Para a referida autora, o processo de licenciamento ambiental também reflete a injustiça ambiental nas decisões relacionadas ao uso e à destinação das áreas em disputa. Segundo Zhouri (2008, p. 100), há, de um lado, os problemas políticos estruturais como, por exemplo, o jogo de mitigação que funciona como um “legitimador do campo” nas escolhas de

apropriação da natureza. Por outro lado, existem os problemas políticos-procedimentais, que podem ocorrer nas seguintes situações:

a) do licenciamento: comunidades têm pouca informação para tomar posicionamento, e, muitas vezes, no momento do licenciamento, o projeto já está avançado sem que as comunidades tivessem sido consultadas;

b) do planejamento centralizado: o “destino dos recursos naturais é predeterminado por alguns planejadores que ocupam posições-chave na política, na administração do setor privado, inviabilizando uma ampla discussão com a população que vive na região” (Zhouri, 2008, p.100);

c) dos Termos de Referência e EIA/Rimas: enquanto documentos que contêm informações imprescindíveis para obtenção das licenças ambientais, as críticas que se lhes dirige estão relacionadas à falta de transparência e à “lógica do mercado”, pois o EIA/Rima “torna-se uma mercadoria adquirida pelo empreendedor, cujo objetivo é ter seu projeto aprovado pelos órgãos licenciadores” (Zhouri, 2008, p.100);

d) do acesso às informações: dificuldades de acesso ao procedimento em si para fotocópias ou ao conteúdo de natureza técnica;

e) marginalização das audiências públicas: a participação da população é alvo de críticas do ponto de vista social, pois “as audiências acontecem tardiamente, quando decisões já foram tomadas e as dificuldades de acesso dificultam uma participação informada” (Zhouri, 2008, p.100);

f) falhas na função regulação: apesar de recomendações técnicas pelo indeferimento de empreendimentos devido à “inviabilidade socioambiental ou pelo não-cumprimento de condicionantes por parte das empresas” (Zhouri, 2008, p.100); , mesmo assim órgãos responsáveis pela emissão de licenças as aprovam, em nome de um desenvolvimento econômico nacional.

Todos os problemas ora citados, recorrentes em grandes empreendimentos, apresentam-se no caso estudado nesta tese, afrontando direitos garantidos na Constituição Federal de 1988 e na legislação infraconstitucional.

Concluindo o capítulo

Foi apresentado, nesse capítulo, o arcabouço jurídico referente à atividade de mineração no Brasil, que possui alguma relação com o caso empírico estudado.
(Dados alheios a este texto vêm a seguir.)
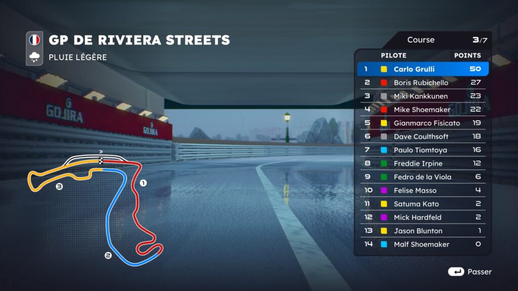 Le contenu proposé est vaste et structuré autour de seize voitures différentes, chacune déclinée en plusieurs livrées, et plus de deux cents pilotes aux compétences particulières. Certains pilotes sont plus efficaces sous la pluie, d’autres réduisent le temps d’arrêt aux stands, ce qui change la manière d’aborder une course. Les quatorze circuits disponibles proposent des tracés modernes et des variantes historiques, donnant l’impression de voyager dans le temps tout en restant concentré sur la course.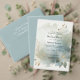 Invite a sus huéspedes en una elegancia intemporal con esta hermosa invitación de boda de la colección Soft Golden Dusty Blue Romance. Con sus suaves acuarelas en azul polvoriento y verde sabio, este diseño está delicadamente acentuado con sus elegantes ilustraciones dorados florales, que le confieren un toque botánico sofisticado y moderno. La suave paleta de colores y el sutil brillo hacen que sea perfecto para bodas románticas en el jardín, magníficas fiestas o cualquier celebración tocada por el encanto de la naturaleza. Completamente personalizable con los detalles de su evento, esta invitación es una forma serena y elegante de anunciar su gran día.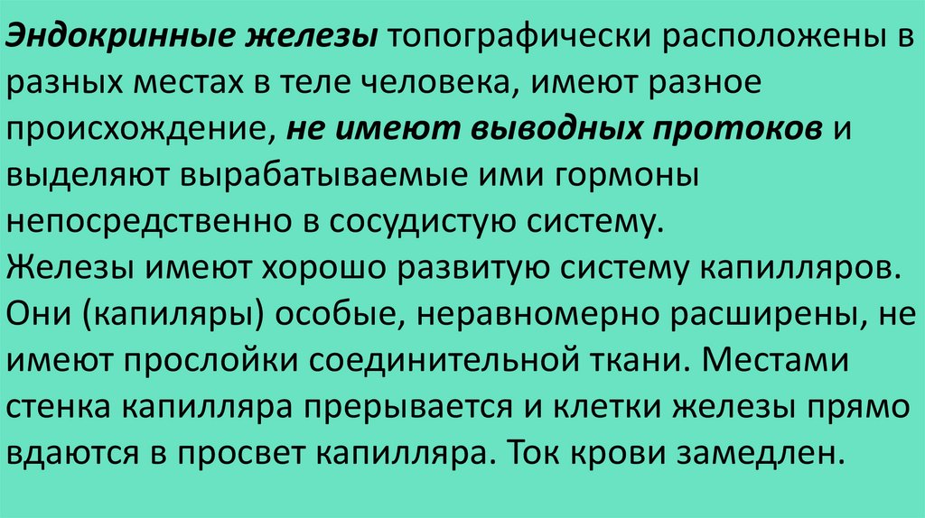 Эндокринные железы топографически расположены вразных местах в теле человека, имеют разное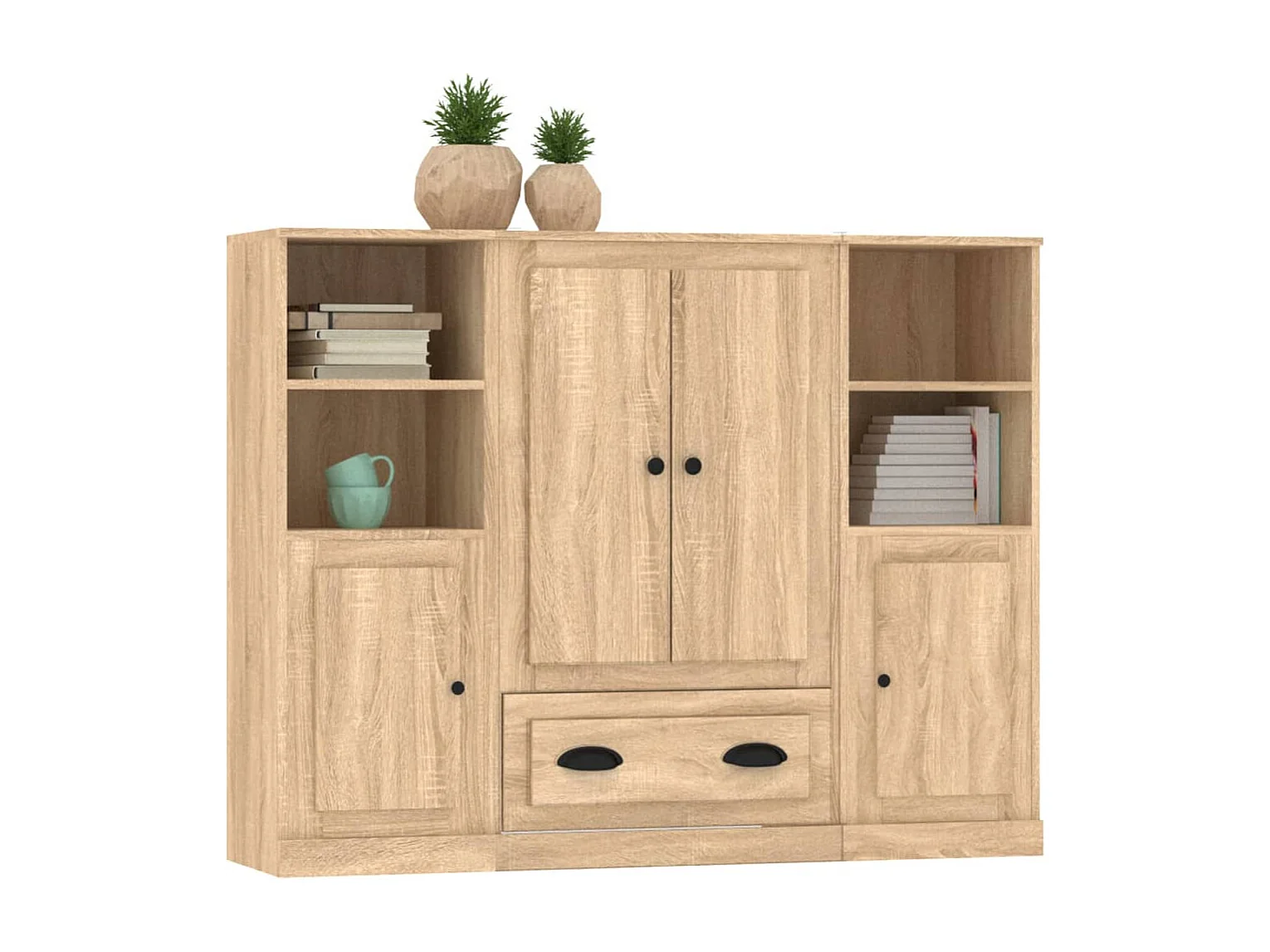 Aparador alto 3 piezas madera contrachapada roble Sonoma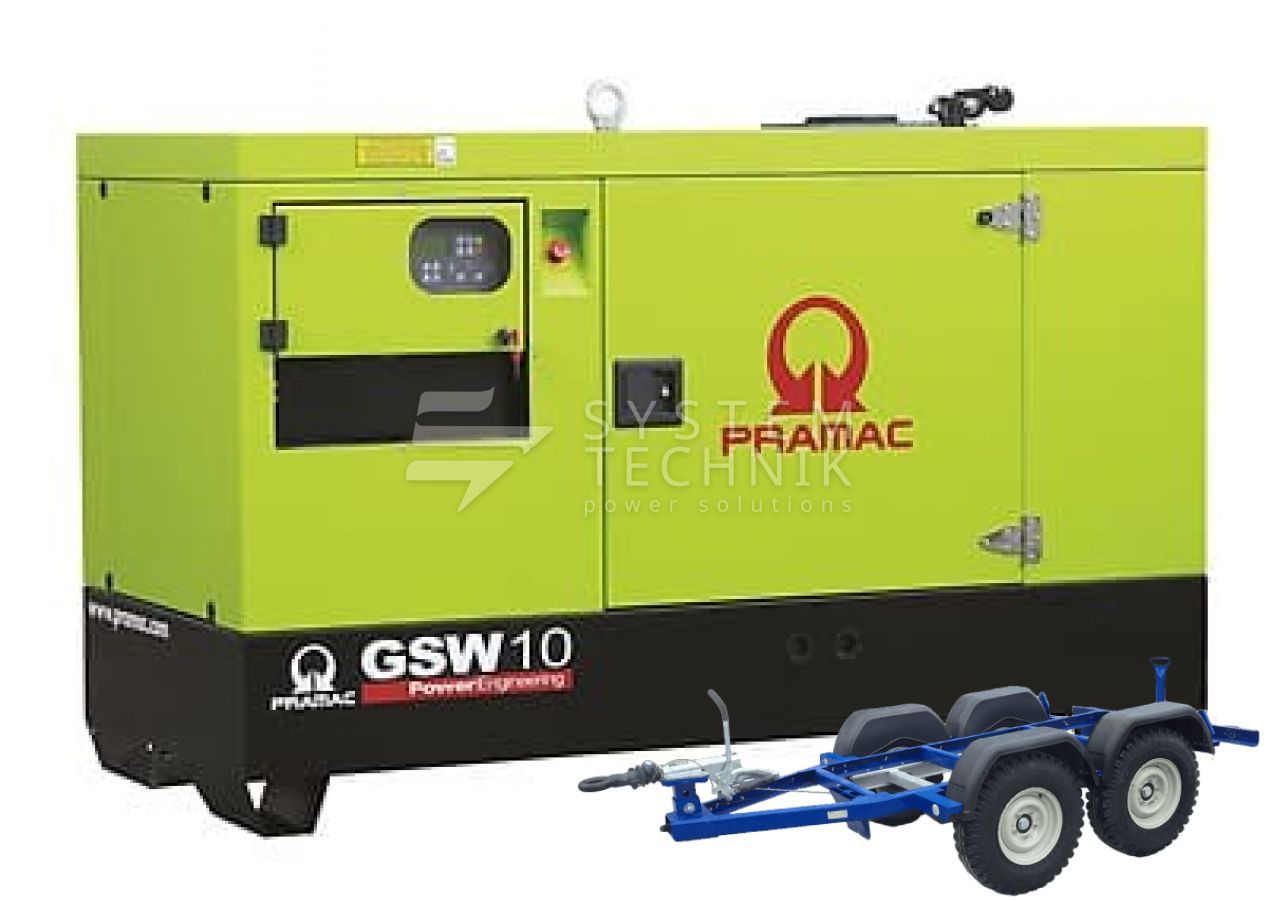 - Дизельный генератор Pramac GSW 10 P 230V В кожухе на прицепе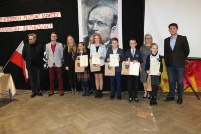 Uczniowie biorący udział w konkursie wykazali się wiedzą o życiu Stanisława Moniuszki, a także znajomością jego utworów.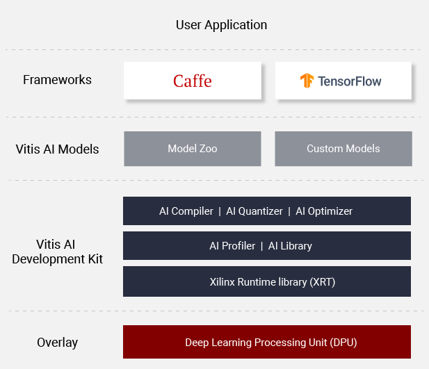 在Vitis顶层,则是针对特定领域(domain specific)的开发环境。以AI为例,它支持TensorFlow、PyTorch和Caffe等标准AI框架,并提供了一些预先训练和优化过的AI模型。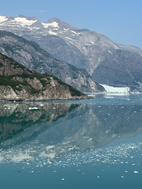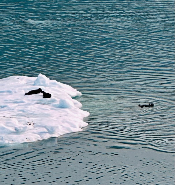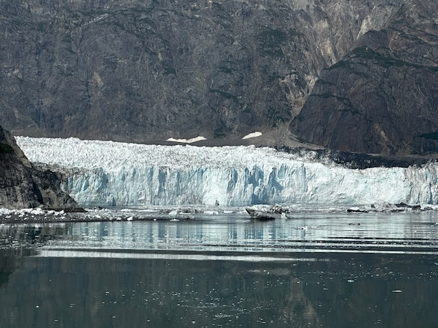 Shortly after our arrival, the glacier calved. Unfortunately neither Bill or I had our phones ready. We couldn’t believe the sound of the cracking and the resulting thunder as the ice fell into the water. It’s hard to believe that this glacier is over 200 feet tall – much taller than our ship! We also saw the Reid Glacier and the John Hopkins Glacier during our 6 hour cruise through Glacier Bay.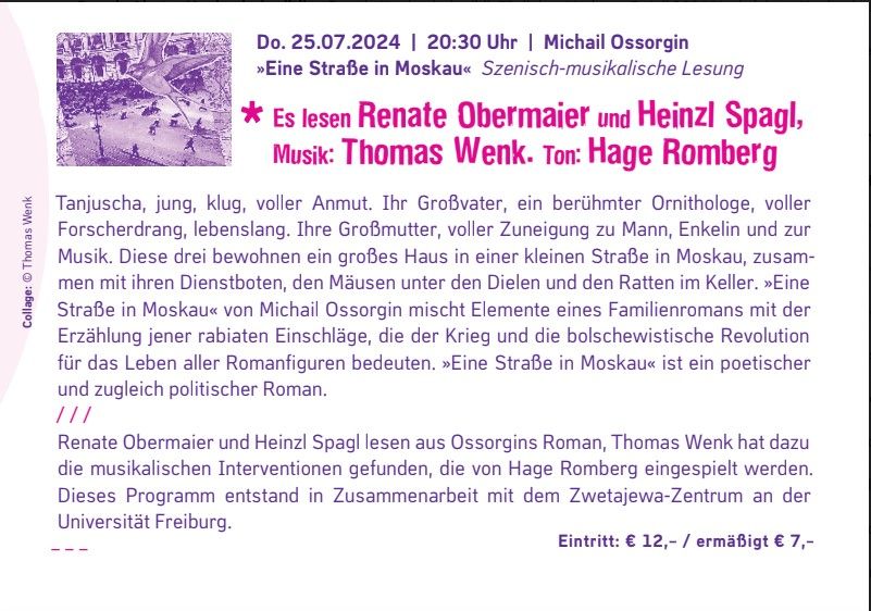 Dieses Programm entstand in Zusammenarbeit mit dem Zwetajewa-Zentrum an der Universität Freiburg.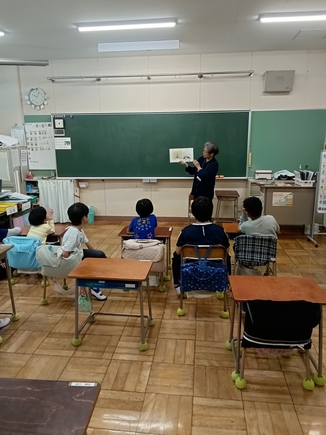 八王子おはなしの会の方に来ていただき、5つの本を読み聞かせしてもらいました。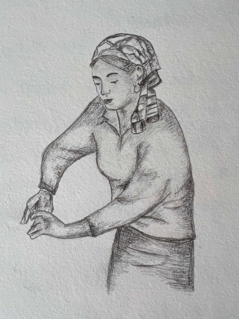 I made the same sketch but with watercoloured pencils drawing. I was worried as it could look a bit flat with coloured pencils, but surprisingly the image turned out to be quite authentic and similar to the artists’ illustrations I was inspired by.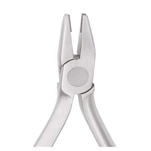 Alicate especializado para la creación de stops en alambres ortodónticos. Su diseño incluye un proceso de formación elíptica en la bisagra, que garantiza movimientos precisos y suaves. Fabricado con la aleación Immunity Steel, ofrece durabilidad y resistencia a la corrosión. Cuenta con un recubrimiento Perma Sharp y una terminación satinada que asegura una larga vida útil.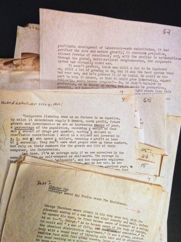 ( I have been more accurate in my intuitions of global-historical, international movements of the spirits on the earth– my [unpublished] “Great Dystopian Novel,” The Resistance, conceived in my freshman year of college as Anti-Nuke, and rough-drafted in 1990 as anti-nuke and Anti-Corporate Imperialist, is set on the streets outside, and the suites within, a city of “crystal towers” built following Eco-disasters [nuclear accidents and terrorist attacks], by The Corporation which runs the world and which manufactured drugs and pharmaceutical-grade petroleum products. When p.c.s became common, I projected “Town Halls” and live discussions at UN events at which every one with their own or public- use computers could participate in real time; I wrote volumes about the evils of nuclear weapons, armed and aimed and waiting around the globe, and the madness of Mutual Assured Destruction policies, and I have raged against budget cuts to programs of aid, of food and medicine and the welfare of the poor [the hungry five year olds who can’t get jobs], and I have not wanted to join the world in which human lives are merely ID- numbered digits plugged into percentage tables, logarithms, algorithms and statistics, or wedges of color on a pie chart, and “acceptable Losses” can be calculated in nuclear/fossil fuel/”Grub Hub” scenarios and acquisitions, world run with hypocrisy and schizophrenia and greed. Fearing and wanting to stay as much out of the mainstream “World” as possible is, I suspect, my main sin, and the root of most of my anxieties, failures, and shortfalls–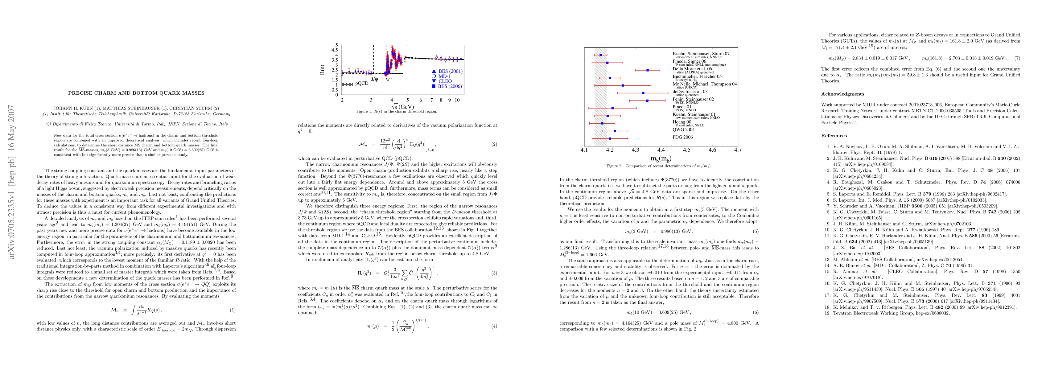 This research combines new experimental data with advanced theoretical calculations to determine the precise masses of charm and bottom quarks, yielding m_c(3 GeV) = 0.986(13) GeV and m_b(10 GeV) = 3.609(25) GeV, providing a significant improvement in precision over previous studies.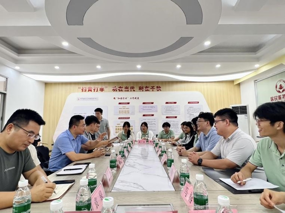 当天下午,实践团队来到奇家岭街道公司路社区,在岳阳楼区奇家岭街道党工委书记黄力交、党工委副书记傅青胜,岳阳楼区团区委副书记周科,奇家岭街道党综信办主任孟谦、公司路社区支部书记袁泉等具有丰富经验的基层干部进行座谈交流。座谈会上,黄力交书记对公司“三下乡”团队的到来表达热烈的欢迎,并向同学们介绍了发源于奇家岭街道的基层治理模式——“群英断是非法”,生动讲述了这一模式如何在基层党组织领导下,给群众赋权,让群众“当家”,共评、共商、共断群众不同诉求的“是与非”,实现政府治理、社会调节、居民自治的良性互动。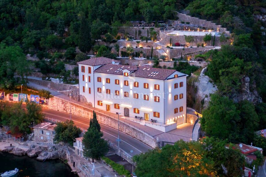 Luksuzni resort sa ukupno 15 vrhunski opremljenih stanova/apartmana smješten je na iznimnoj lokaciji 1. red do mora, s direktnim izlazom na plažu. Teritorij resorta koji se prostire na 3.149 m2 prekrasno je uređen s terasastim vrtovima, zajedničkim bazenom od 60 m2 i sunčalištem s predivnim panoramskim pogledom na cijeli Kvarnerski zaljev. Svakom apartmanu pripada privatni hortikulturno uređeni vrt.

Para tanto, iniciamos com uma revisão histórica sobre a atividade de mineração para situar o leitor a

importância dessa atividade para o setor econômico do país. Em seguida contextualizamos a dificuldade da sobreposição da legislação minerária com a aplicação das normas de proteção ao meio ambiente, em especial as unidades de conservação. Ressalvamos a importância do assunto ser aprofundado com pesquisas direcionadas a estudar a temática da mineração em território quilombola, já que a própria legislação trata apenas do assunto em territórios indígenas.